San Francesco is everywhere here—from Giotto’s glorious fresco cycle at the Basilica to miniature shrines tucked into stone walls along narrow passageways. You can stand in the square where he renounced his father’s wealth.
Climb or taxi to the Hermitage, way up Mount Subasio, where he retreated with his Franciscan brothers to pray. Where once, I stood all by myself and the light shifted, turning the dark, dense trees the same blue-green in Giotto’s frescoes.
You can walk down to Santa Maria degli Angeli, where the exquisite Portiuncula is preserved, inside the town’s uninspired cathedral. From here, San Francesco looked up at Asissi as he died.
Alas, you can find him in dozens of gift shops throughout his hometown.
The commercialization of San Francesco’s life never fails to make me sad—all the more this year because I reread Salvation before I came.
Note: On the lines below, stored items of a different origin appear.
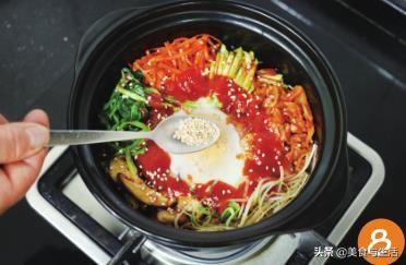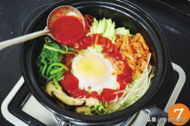 7. 石锅正中间打入生鸡蛋,放入韩国辣酱。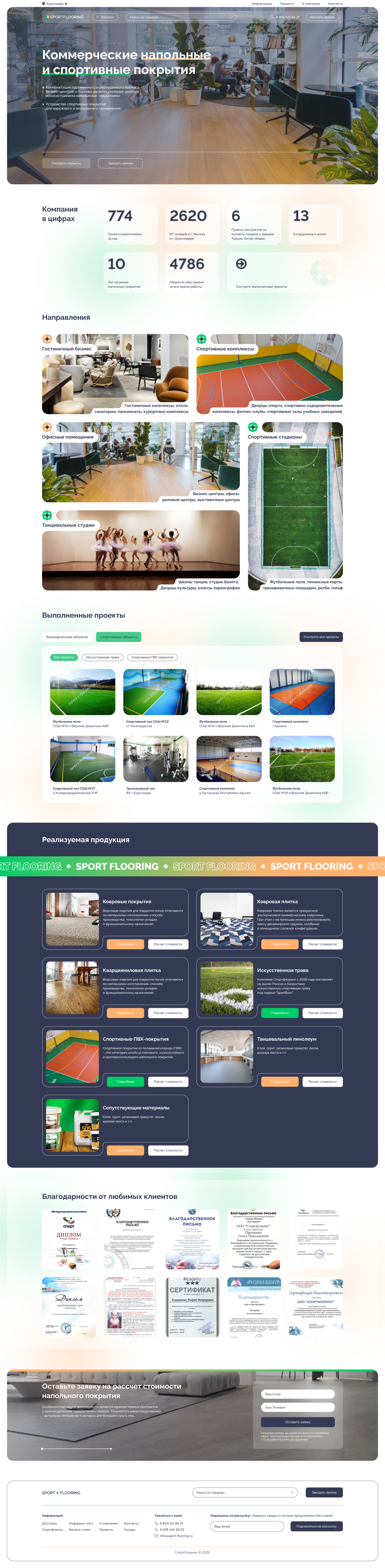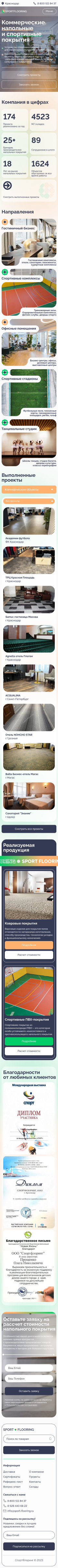 Результаты: В результате нашей работы компания SPORTFLOORING получила современный и функциональный веб-сайт, который стал важным инструментом для привлечения новых клиентов и поддержания связи с текущими. Веб-сайт получил положительные отзывы за свой дизайн и удобство использования, что способствовало росту доверия и лояльности среди клиентов.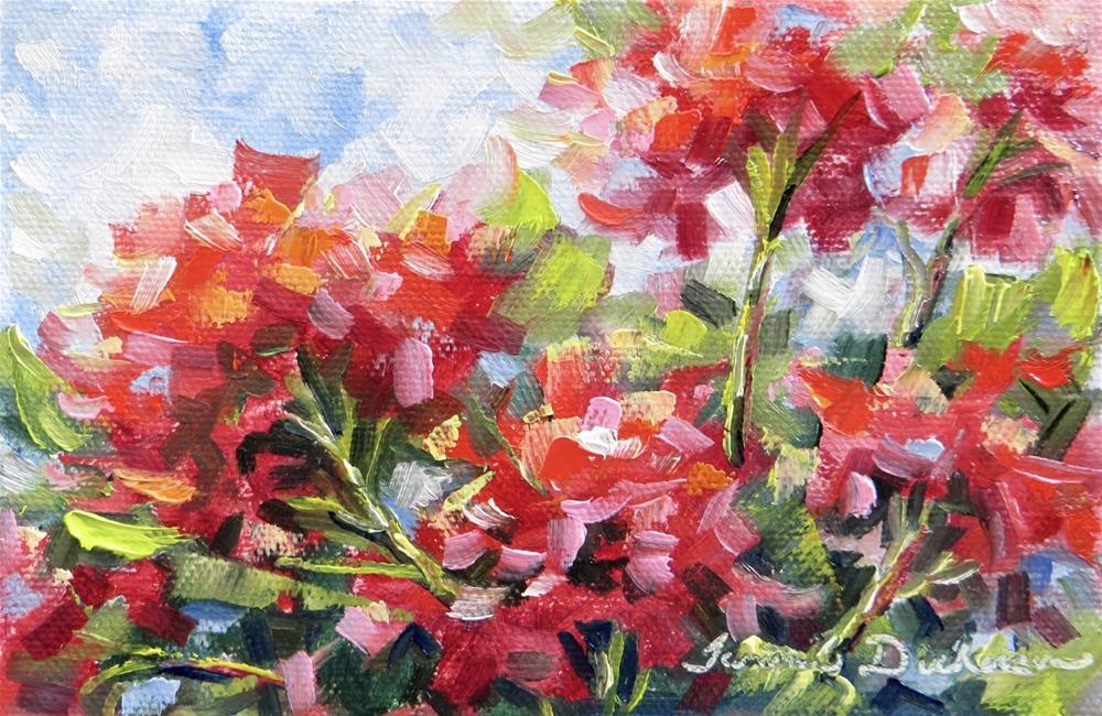 What is more lovely than the expressive petals of the geranium as it shines in the landscape? Using palette knife and brush to capture it's beauty today.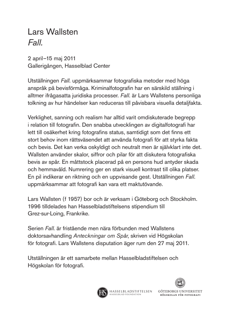 Utställningen Fall. uppmärksammar fotografiska metoder med höga anspråk på bevisförmåga. Kriminalfotografin har en särskild ställning i alltmer ifrågasatta juridiska processer. Fall. är Lars Wallstens personliga tolkning av hur händelser kan reduceras till påvisbara visuella detaljfakta.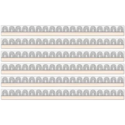- Each neutral classroom borders set includes strips of straight, white bulletin border with black rainbows and a light wood to add to any muted colors classroom theme or boho neutral classroom décor.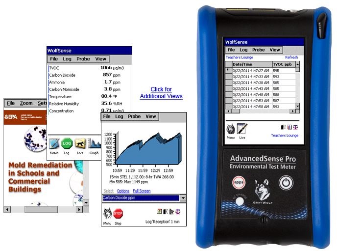 GrayWolf IAQ kits include an AdvancedSense meter (or mobile computer), plus multi-sensor indoor air quality probe, WolfSense application software, WolfSense PC desktop data transfer & reporting software, USB download cable, AC adapter/charger, meter & probe pouches and hard-shell security case. Expanded kits include TVOCs, airspeed, particulates, WolfSense Advanced Report Generation software and more.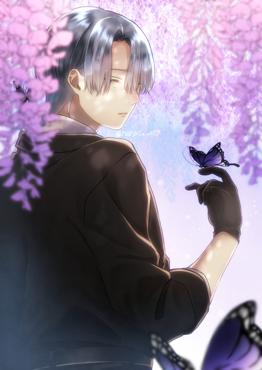 1boy asagi_nanase blue_sky brown_gloves brown_jacket bug butterfly butterfly_on_hand cherry_blossoms gloves grey_eyes grey_hair highres insect jacket kirisaki_shidou long_sleeves looking_at_viewer looking_back male_focus milgram mole mole_under_eye parted_lips purple_butterfly short_hair sky solo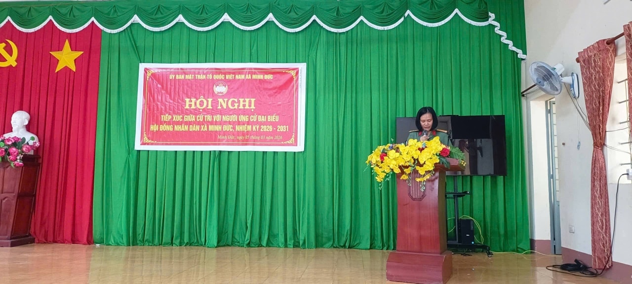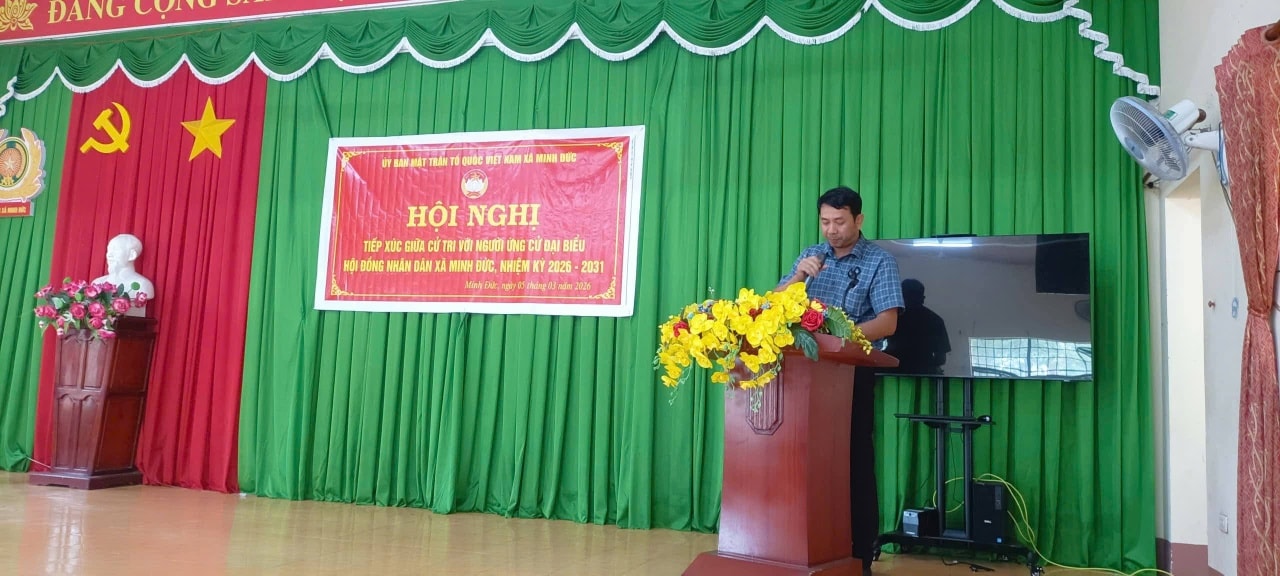 Thực hiện kế hoạch tổ chức hội nghị tiếp xúc cử tri với những người ứng cử đại biểu Hội đồng nhân dân xã nhiệm kỳ 2026 – 2031, từ ngày 05/3 đến ngày 09/3/2026, UBMTTQVN xã Minh Đức đã tổ chức các hội nghị tiếp xúc cử tri với người ứng cử đại biểu HĐND xã nhiệm kỳ 2026 – 2031 tại các đơn vị bầu cử trên địa bàn xã.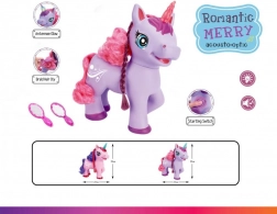 Adorable licorne violette à piles qui ravira les enfants grâce à ses effets – en appuyant sur le bouton sur son ventre, elle commence à chanter une chanson en anglais, émet des sons magiques et sa corne s’illumine. Sont inclus un peigne et un miroir pour coiffer sa longue crinière.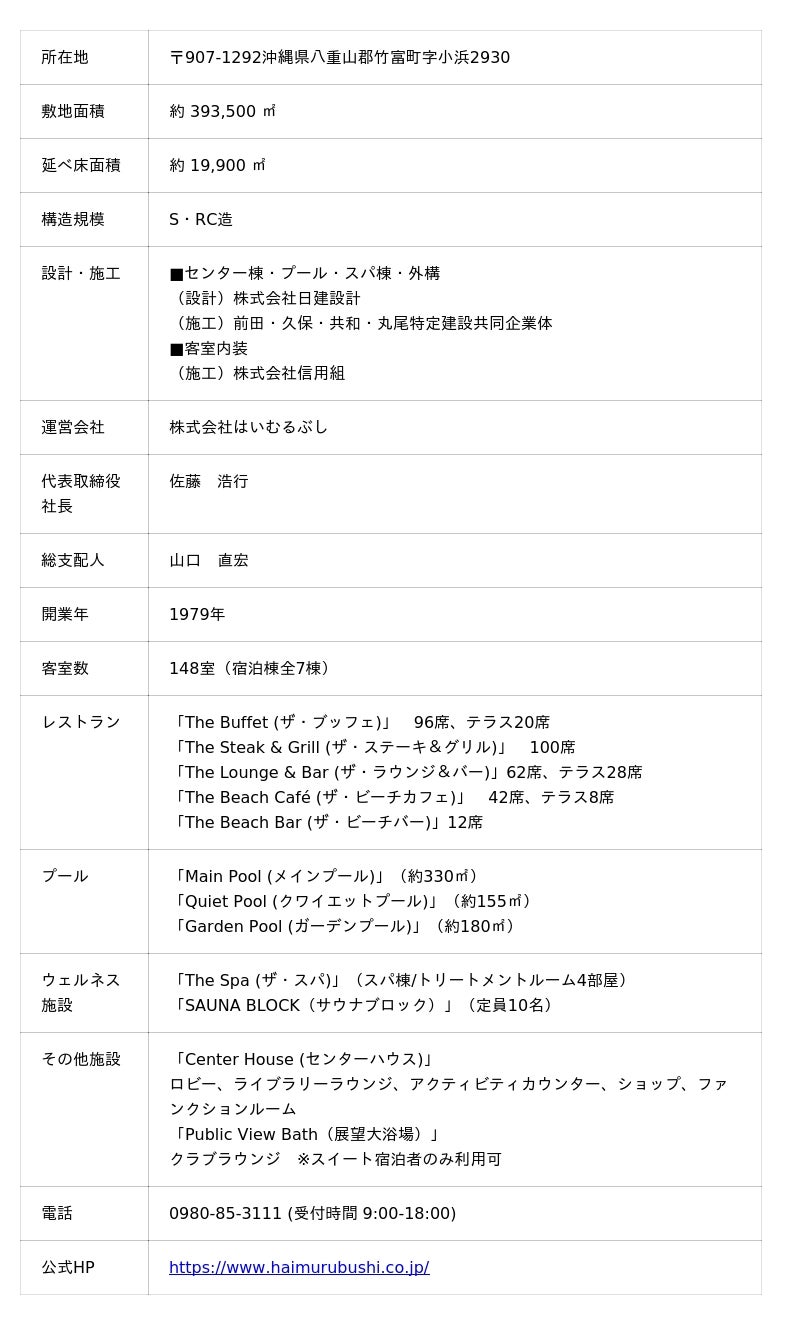 三井不動産株式会社(本社:東京都中央区、代表取締役社長 植田 俊)と三井不動産グループの株式会社はいむるぶし(本社:沖縄県八重山郡、代表取締役社長 佐藤 浩行)は、日本最南端のアイランドビーチリゾートホテル「はいむるぶし(所在:沖縄県八重山郡、客室数:148室)」を本日2025年7月15日(火)にリニューアルオープンいたしました。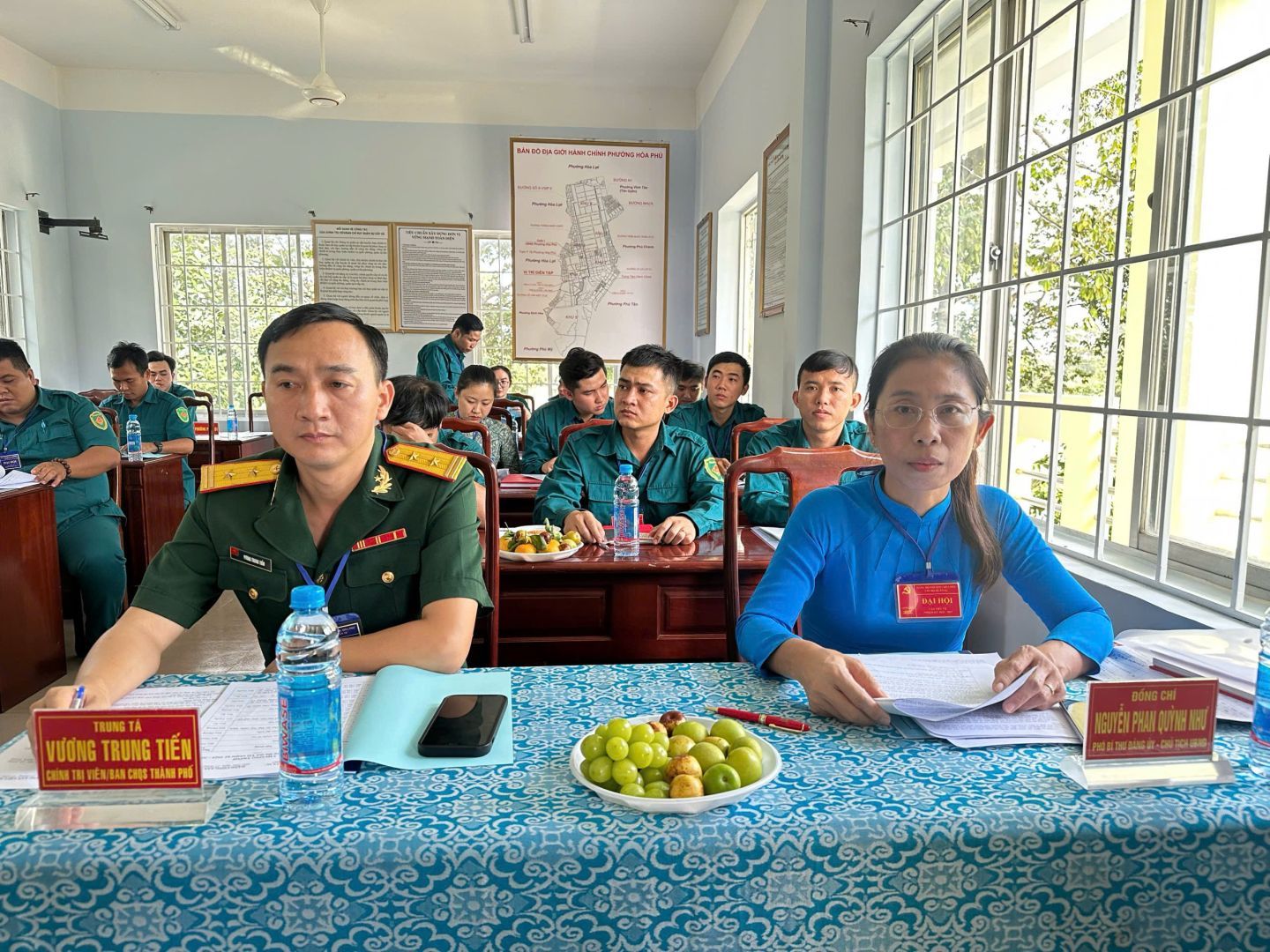 Chiều ngày 25/10/2024, Chi bộ Quân sự trực thuộc Đảng bộ phường Hòa Phú tổ chức thành công Đại hội chi bộ lần thứ VII nhiệm kỳ 2025 – 2027. Tham dự và chỉ đạo Đại hội có đồng chí Nguyễn Văn Ân – TUV, Bí thư Đảng ủy, CT.HĐND phường; đồng chí Nguyễn Phan Quỳnh Như – PBT, CT UBND phường, cùng các đồng chí đảng viên chi bộ Quân sự cùng dự.

I’m not religious but I respect a true believer—and nobody could deny that, however crazy San Francesco might seem to us today, he believed in Christ and dedicated his life to serving Him. It was all he wanted to do.
How he’d hate the way his city and his church have used him.
But I’m guessing he’d think Valerie Martin, also not religious, saw what he wanted the world to see. Like Giotto, whose scenes of the saint’s life are so compelling that, looking at one, you feel as if you’ve entered it, Martin created his world with words that bring him so fully to life that, reading, we see the world through his eyes.
#artworkshopintl
# assisi
Sounds really good. I find St. Francis so compelling.
Beautiful, Barb! I am getting a copy of Martin's book (I missed it somehow). I rarely ever cry in public, but I broke down and cried when I saw the Portiuncula. It is a moving place--not unlike the Aedicule inside the Church of the Holy Sepulcher in Jerusalem. I wish I was there with you!!!